# EMans pig rub



## eman (Jun 5, 2010)

This is the rub i have decided to make as my go to for any pork.

first instead of plain yellow mustard . i mix

1 cup yellow mustard

1/2 cup molasses

1 tsp liquid crab boil
Brush this liberally on your pork.

The rub:

1/4 cup hungarian or spanish paprika

1/4 cup onion powder

1/4 cup garlic powder

1/4 cup cbp

2 tsp celery seed

2 tsp ground mustard

2 tsp cumin

1 tsp nutmeg

1 1/4 cup dark brown sugar.

it helps to get the lumps out if you run this thru a grinder or food processer.

Coat the pork w/ a heavy coat of the rub. wrap and in the fridge overnight if possible.

B4 you smoke hit the pig w/ another dusting of rub and smoke away.


----------



## DanMcG (Jun 5, 2010)

Thanks for sharing that Bob, I've been looking for a new recipe to try, and the celery and nutmeg sounds real good


----------



## pineywoods (Jun 5, 2010)

Looks like a good one!!


----------



## sumosmoke (Jun 6, 2010)

Definitely interesting, especially with the crab boil added to the fray.

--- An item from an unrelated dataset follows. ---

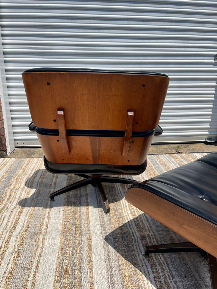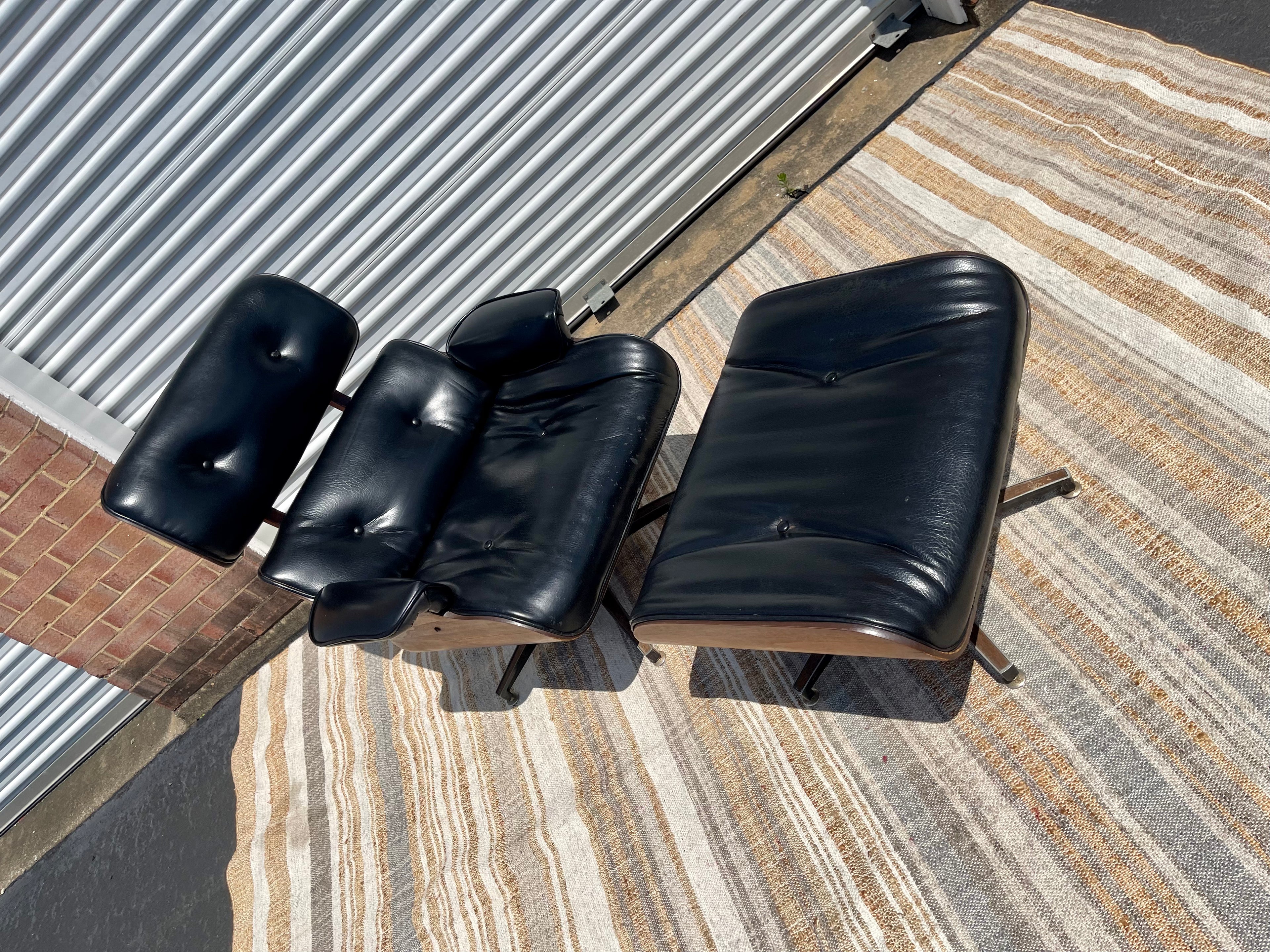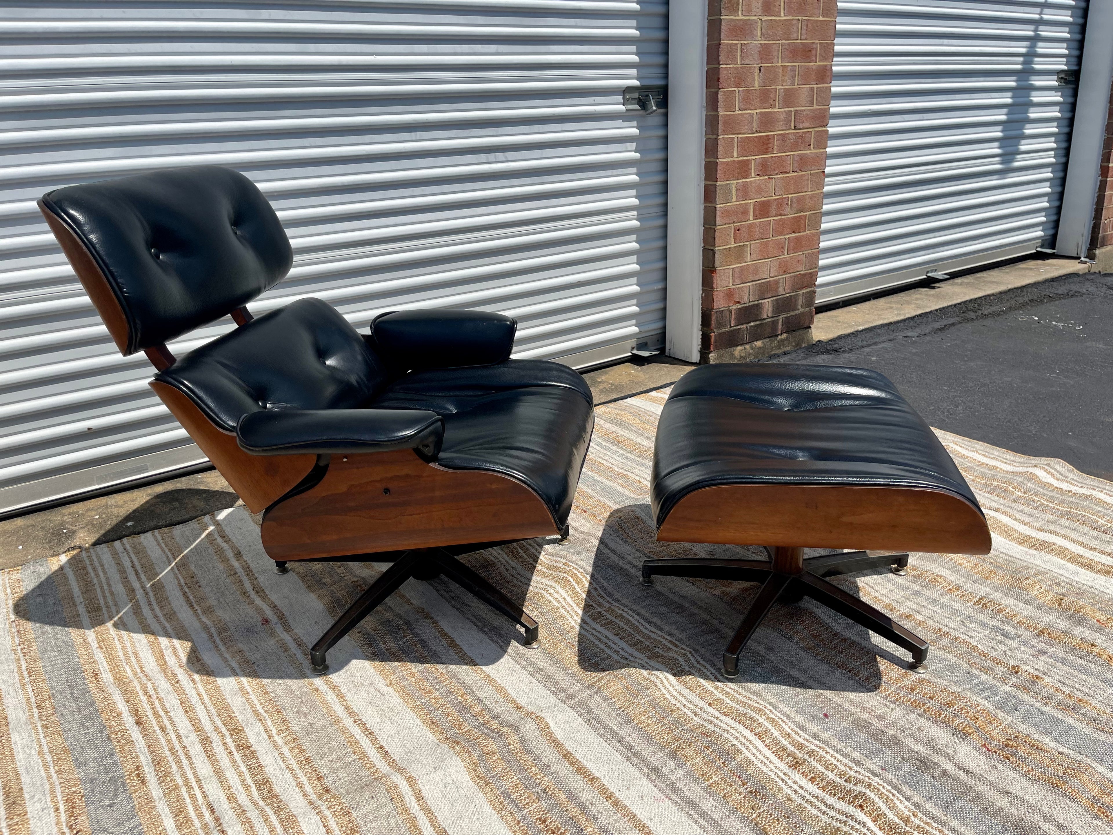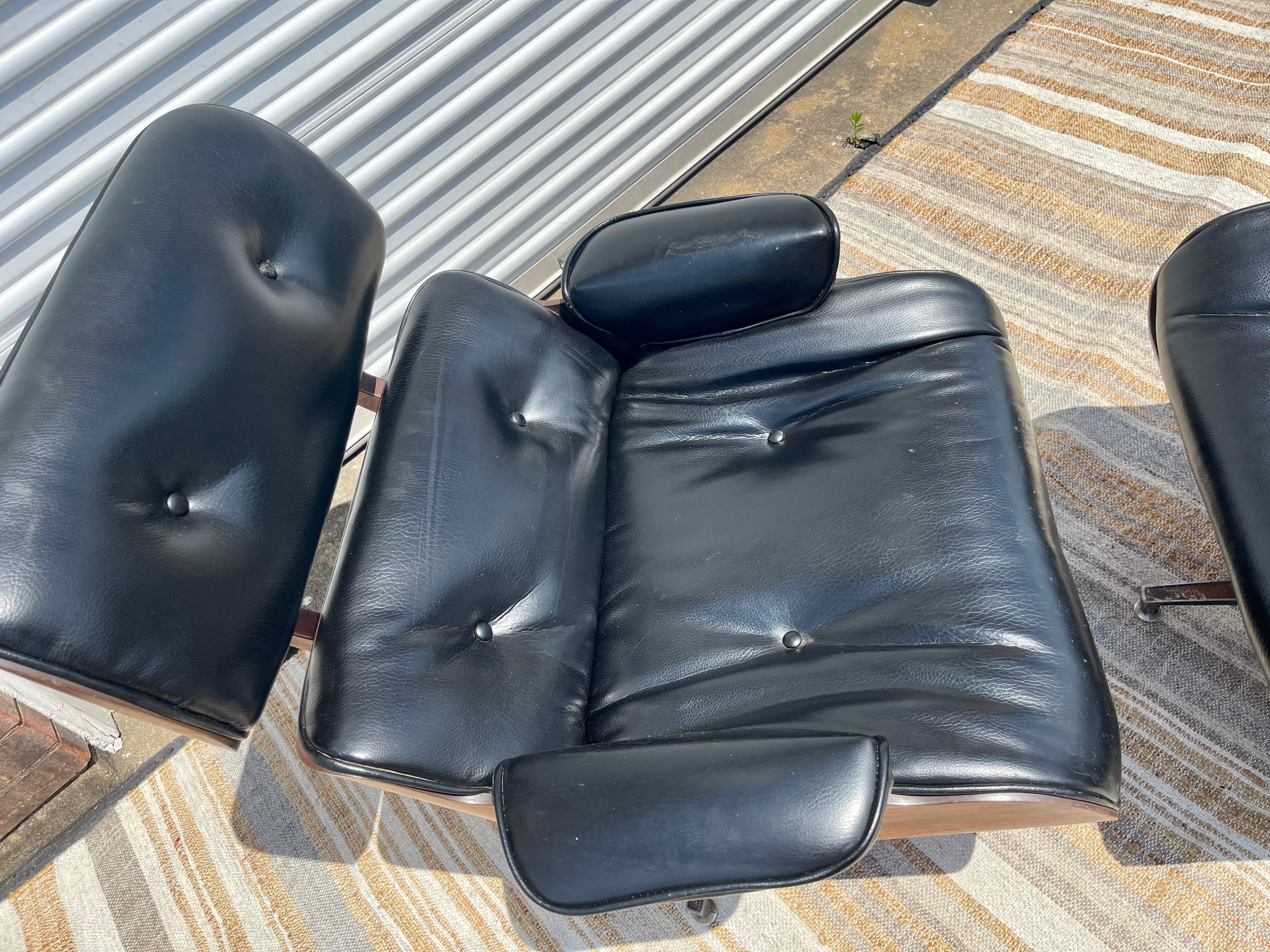 The Eames Lounger is ubiquitous with Midcentury modern design. This example from Plycraft is in good vintage condition. The black faux leather has no rips or tears, with only some light wear along the front edge of the chair. This chair is the perfect combination of comfort and style, and will immediately become your favorite place to sit in your house. Add it to a living room or create a classy reading nook.

Thanks for sharing this with us, Bob!


----------



## scpatterson (Jun 6, 2010)

I use that Zatarains powder crawfish boil in most of my cooks. Its really good and I like teh idea in the mustard....Sounds good, thanks for posting


----------



## shooterrick (Jun 6, 2010)

Looks like a winner Bob.  Thanks


----------



## mballi3011 (Jun 6, 2010)

Youhave definatly added quite a different twist for your new rub. I'll have to give it a shot soon.


----------



## omahasmoker (Jun 6, 2010)

what exactly is in crab boil? being from the most landlocked part of the country, we dont use it much around here.


----------



## eman (Jun 6, 2010)

the liquid crab boil is oils and essences of spices and peppers.

 any grocer who stocks cajun seasonings should be able to get it for you.

 or go to www.zatarains.com


----------



## funkyboy (Oct 7, 2011)

What is c b p???

E-mail @   [email protected]

Thanks
Session data


----------



## forluvofsmoke (Oct 7, 2011)

Cracked Black Pepper

Eric


----------



## chef jimmyj (Oct 8, 2011)

I find it interesting that you added NO SALT though I guess there is enough in Yellow Mustard.  BTW I agree with you, *B**ob,*  on the whole Facebook thing...they are making some Stupid changes!...JJ


----------